Improving Flarum speed with Cloudflare cache

1Dot

[deleted] Yes 😁 My Cloudflare Site also won in this test

MohdKhan still flarum load faster than discuss also

Its wrong! I tested it myself on gt metrix I have scores also, If someone wants then let me know

[deleted]

Walys I've recently placed my rabbit sanctuary website behind CF which is running WordPress, and I'm getting a TTFB of 30ms 🙂

davwheat

[deleted]

30ms is insanely low, and pretty impressive. Anything below 250ms is good in my eyes, with sub-150ms being excellent.

My GitHub Pages + Cloudflare set-up for my personal site manages 70ms for TTFB, which is pretty good for free hosting if I do say so myself! 😂

1Dot

davwheat Brother if you use Edge Caching and set Cache Level to Cache Everything for your Static Pages you will always get A grade 90% guaranteed.

Also If anyone is looking for a Tutorial In order to get Cloudflare Boost and Security for Flarum CMS simply see it here

[deleted]

davwheat 30ms is insanely low, and pretty impressive. Anything below 250ms is good in my eyes, with sub-150ms being excellent.

Well, I think I just beat that 🙂

davwheat My GitHub Pages + Cloudflare set-up for my personal site manages 70ms for TTFB, which is pretty good for free hosting if I do say so myself! 😂

Absolutely ! That's quite a milestone for shared hosting 🙂

For clarity, I'm not just using Cloudflare to mask a poor setup. I have an almost "OCD" like approach to correct setups !

010101

Personally, I don’t use Cloudflare to hide issues. I use it because no matter how I set a website up it makes the site faster. WordPress. Flarum. Whatever CMS. It doesn’t matter. Their tools make the site faster. And faster in more locations.

I just hope Cloudflare sticks around forever and always keeps their free tier.

Walys

The truth is that most forums with high traffic all use a system like Cloudfare.
Something good has to have.

matteocontrini

poVoq While using Cloudflare might be good for website speed (as any CDN basically)

And only sometimes, Cloudflare is not a good CDN, it's known to have bad routing, it sometimes slows down your website a lot. I've had this problem for months on my forum, Cloudflare routed traffic from Italy to the USA or to Australia for no reason.

Moreover, L7 DDoS protection is a bit of a joke, it doesn't handle L7 attacks unless you get tens of thousands of requests per second, it's pretty useless. You have to configure firewall rules by hand and most of the time enable them manually when you're under attack. Under attack mode is always bypassed nowadays.

Apart from this, however, I agree that using a CDN is helpful to protect from L4 attacks and to improve performance when the hosting provider doesn't have good connectivity. For example, if you use some small hosting it's likely that some random ISP doesn't have a good way to reach it (it depends on a lot of things), while if you use OVH/Hetzner/etc. you're likely to not have these problems. It also depends on where your server is located and where your users are located.

Also, you need to consider that a forum contains primarily dynamic content, and the fact that Flarum is a single page application makes CDN caching useful only on the first page load. It might improve the response time for the reasons above, but caching shouldn't play much of a role.

So be careful to use Cloudflare with lower plans, it might seem good because it's free but it's not always the best solution. My recommendation is to not use it just because everyone's doing it, think about it.

1Dot

matteocontrini And only sometimes, Cloudflare is not a good CDN, it's known to have bad routing, it sometimes slows down your website a lot.
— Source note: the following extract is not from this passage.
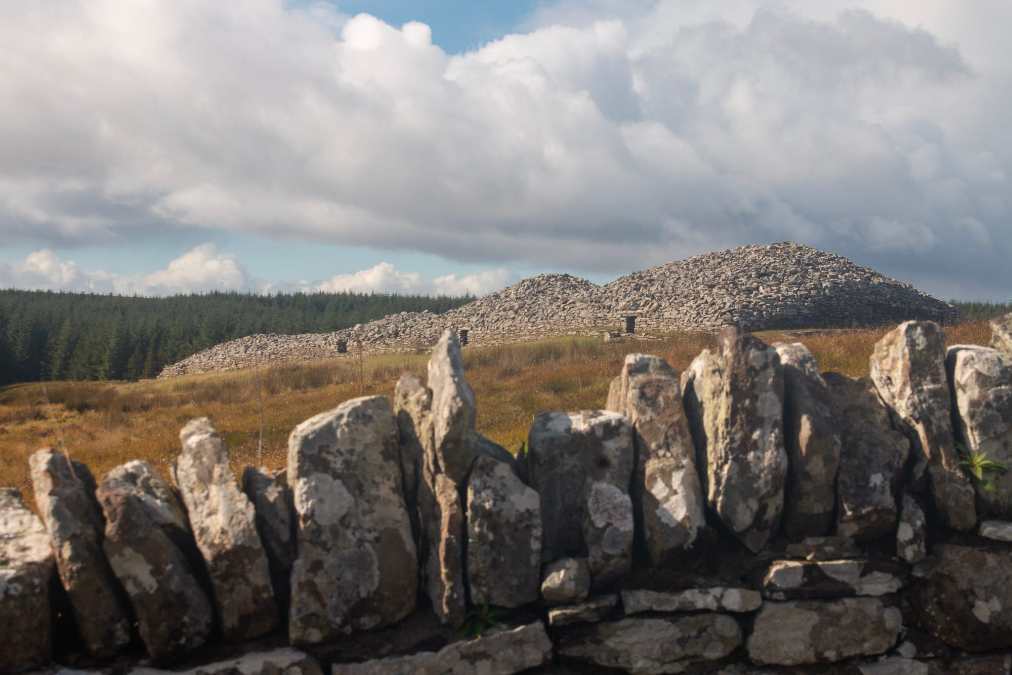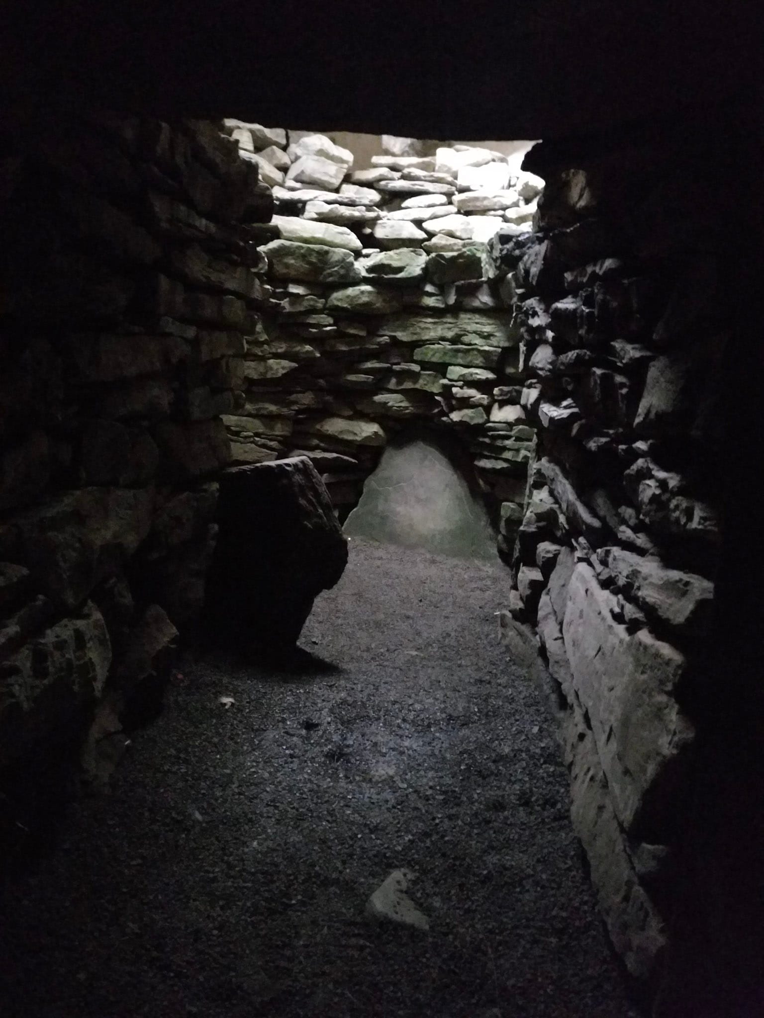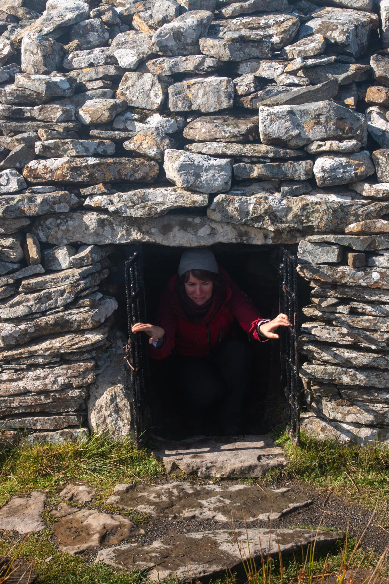 Der runde Cairn ist der kleinste, die Gänge der beiden anderen sind noch etwas bequemer zu “begehen”. Alle drei sind mit kleinen Gittern verschlossen, um die allgegenwärtigen Schafe draußen zu halten.

I've had this problem for months on my forum, Cloudflare routed traffic from Italy to the USA or to Australia for no reason.

It's not the truth basically, It may be a service outage that day.

matteocontrini it's pretty useless. You have to configure firewall rules

It's not useless, It helps small users like me to prevent from attacks and also you are true but you can't say that its useless If you are in under attack you can simply configure firewall, There is no such 😞 Rocket Science in it.

matteocontrini but caching shouldn't play much of a role.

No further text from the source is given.